Содержание советской идеологической программы воспитания вполне адекватно передается тезисом К. Поппера о том, что «требование построения нового общества, пригодного для того, чтобы в нем жили мужчины и женщины, подменяется требованием “формирования” этих мужчин и женщин с тем, чтобы они “подходили” этому новому обществу» [Поппер 1993, с. 82].

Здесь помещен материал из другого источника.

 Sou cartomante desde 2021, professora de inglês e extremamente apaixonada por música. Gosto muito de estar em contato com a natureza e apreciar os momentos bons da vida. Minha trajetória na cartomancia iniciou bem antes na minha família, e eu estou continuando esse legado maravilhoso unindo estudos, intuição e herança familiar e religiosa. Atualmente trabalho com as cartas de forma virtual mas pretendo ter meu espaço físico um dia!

Индивидуальный детский опыт, интерпретациям которого уделяется ныне столь много внимания, оказывается лишен такого важнейшего «измерения» советского детства, как коллективный пионерский опыт советских детей. Не учитывается, например, что для многих советских детей пионерская организация не была «тоталитарным монстром», а, напротив, стала сообществом, в котором мирно и неконфликтно протекали их детские годы. Воспоминаниями о пионерских галстуках и сборах пестрят разнообразные ностальгические сайты, ускользающие от взгляда современного исследователя. Но воспоминания о том, как кого-то на Красной площади или у памятника Ленину на вокзальной площади малого города принимали в пионеры, как пионер забывал носить галстук, как собрал кучу макулатуры и участвовал в конкурсе инсценированной политической песни, – остаются в стороне от научного обсуждения [Учебный текст в советской школе 2008, с. 46]. Личные свидетельства о пионерии, ее буднях и праздниках еще нуждаются в анализе, как среди прочего и бортжурналы советов друзей октябрят, и летописи пионерских дружин, отдельные экземпляры которых чудом сохраняются в личных и реже школьных архивах.

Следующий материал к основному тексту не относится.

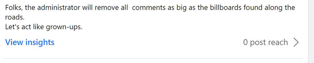 Folks, the administration will remove all billboard size comments found on the side of the roads.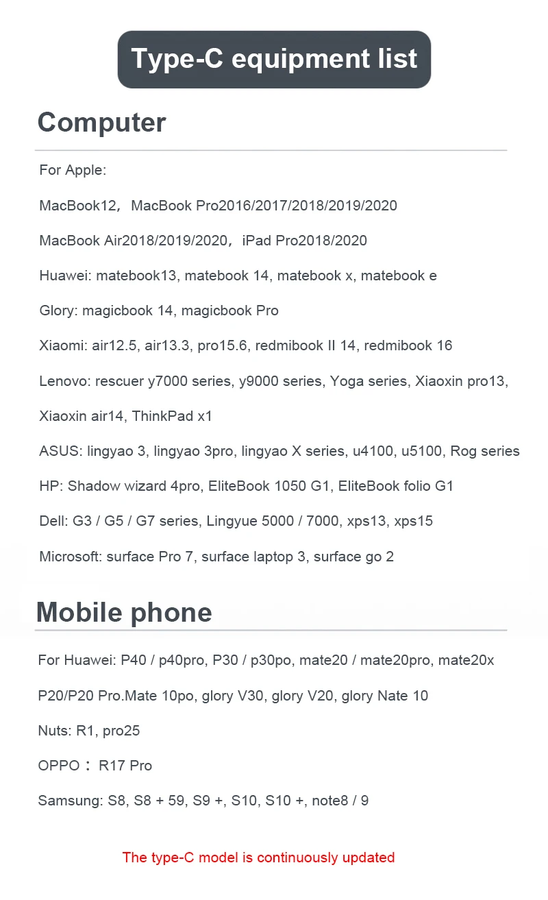 Admite ordenadores, teléfonos móviles y tabletas con interfaces tipo C.

Социальное воспитание советских детей заслуживает отдельного внимания. Ребенок неизменно расценивался как воплощение будущего революции, а «счастливое детство» – как результат социалистических преобразований [Сальникова 2007, c. 52]. Государство становилось «большой семьей», политические лидеры – «отцами», мужчины и женщины – «сыновьями и дочерями», дети – «внуки октября». К. Кларк отмечает, что в 1920-е гг. преобладала горизонтальная ось – «братья и сестры» [Кларк 2002, с. 153]. Данная символика активно использовалась в советской педагогике, так как была проста и понятна ребенку, ведь в первую очередь для него важен его микромир – мир его семьи. Модель микромира помогает ему осмыслить макромир. Каждый советский ребенок обучался и воспитывался в духе известного плаката «Мечта стала явью!», в каждом классе висел лозунг со словами: «Мы рождены, чтобы сказку сделать былью!» [Кларк 2002, с. 155].
Помочь детям уяснить, что представляет собой «настоящий пионер», должна была периодическая печать. В стране издавали газету «Пионерская правда», журналы «Барабан», «Вожатый», «Пионер» и др. Для пионерских работников оперативно публиковались различного рода методические материалы, обобщавшие первый опыт пионерских отрядов и информировавшие о детском коммунистическом движении за рубежом. Например,
в 1923 г. в свет выходит серия книг «Беседы у костра». В вышедшей в том же году брошюре «Памятка юного пионера» содержался информационный материал, необходимый как пионерам, так и их вожатым (Памятка юного пионера 1923). Один из ее разделов назывался «Кто боролся и борется как Спартак». Список содержал имена К. Маркса и Ф. Энгельса, К. Либкнехта и Р. Люксембург, В.И. Ленина, Л.Д. Троцкого, М.И. Калинина, Г.Е. Зиновьева, А.В. Луначарского, Коли Фатьянова – одного из организаторов пионерии и бывшего скаутмастера Москвы (Памятка юного пионера 1923, с. 54–57).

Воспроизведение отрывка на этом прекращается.